Exercise goal => Set down nothing but the lines from the one containing "В конце 2021" to the final line of the material, exactly as written, and drop the pictures.

Given material =>
=== Begin Enclosure ===
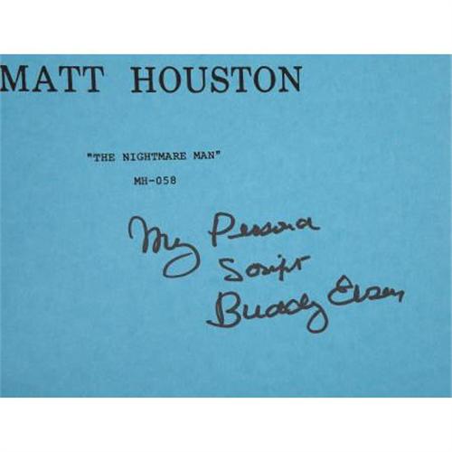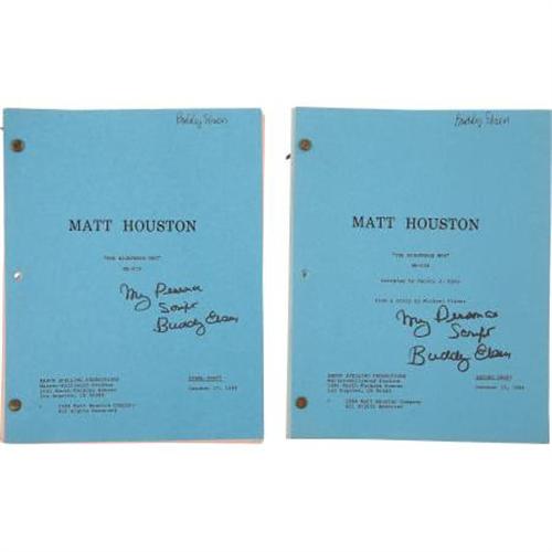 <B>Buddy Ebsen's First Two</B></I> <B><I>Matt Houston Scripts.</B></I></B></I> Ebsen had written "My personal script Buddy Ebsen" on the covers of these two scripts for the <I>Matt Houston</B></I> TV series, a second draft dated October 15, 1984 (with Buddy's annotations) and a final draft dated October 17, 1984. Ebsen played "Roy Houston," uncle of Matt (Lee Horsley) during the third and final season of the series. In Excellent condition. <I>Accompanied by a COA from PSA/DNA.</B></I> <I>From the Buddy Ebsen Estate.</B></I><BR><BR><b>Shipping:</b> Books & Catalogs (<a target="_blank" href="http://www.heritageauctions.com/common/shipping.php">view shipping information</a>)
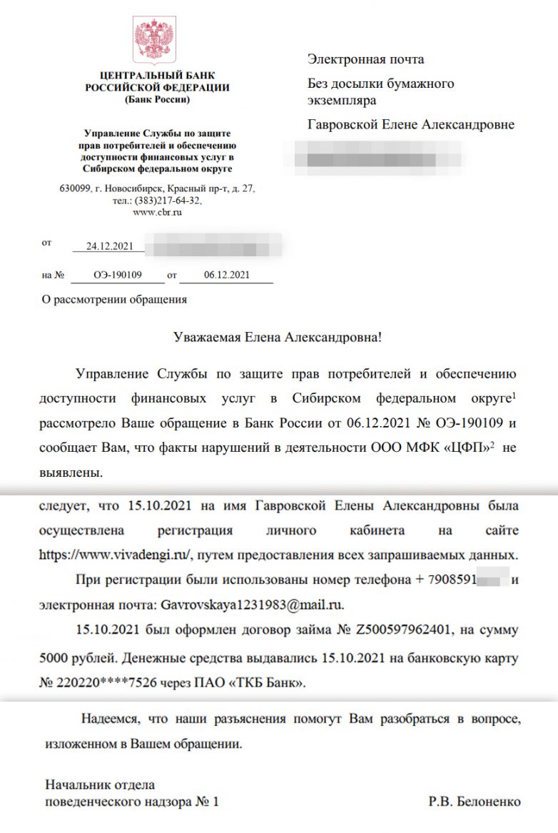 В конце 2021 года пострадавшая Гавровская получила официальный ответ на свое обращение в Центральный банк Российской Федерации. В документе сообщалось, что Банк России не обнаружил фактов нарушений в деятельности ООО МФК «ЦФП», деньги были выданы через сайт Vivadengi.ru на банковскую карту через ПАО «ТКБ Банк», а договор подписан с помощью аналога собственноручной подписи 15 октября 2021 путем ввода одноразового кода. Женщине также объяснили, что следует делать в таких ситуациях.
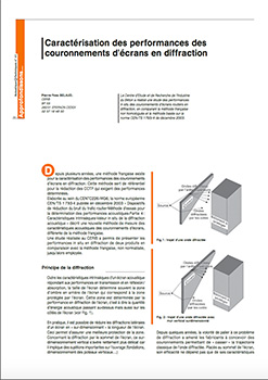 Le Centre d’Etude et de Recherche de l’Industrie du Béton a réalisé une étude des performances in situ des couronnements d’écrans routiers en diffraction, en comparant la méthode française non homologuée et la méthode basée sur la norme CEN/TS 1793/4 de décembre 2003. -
=== End Enclosure ===
Written response =>
 В конце 2021 года пострадавшая Гавровская получила официальный ответ на свое обращение в Центральный банк Российской Федерации. В документе сообщалось, что Банк России не обнаружил фактов нарушений в деятельности ООО МФК «ЦФП», деньги были выданы через сайт Vivadengi.ru на банковскую карту через ПАО «ТКБ Банк», а договор подписан с помощью аналога собственноручной подписи 15 октября 2021 путем ввода одноразового кода. Женщине также объяснили, что следует делать в таких ситуациях.
 Le Centre d’Etude et de Recherche de l’Industrie du Béton a réalisé une étude des performances in situ des couronnements d’écrans routiers en diffraction, en comparant la méthode française non homologuée et la méthode basée sur la norme CEN/TS 1793/4 de décembre 2003. -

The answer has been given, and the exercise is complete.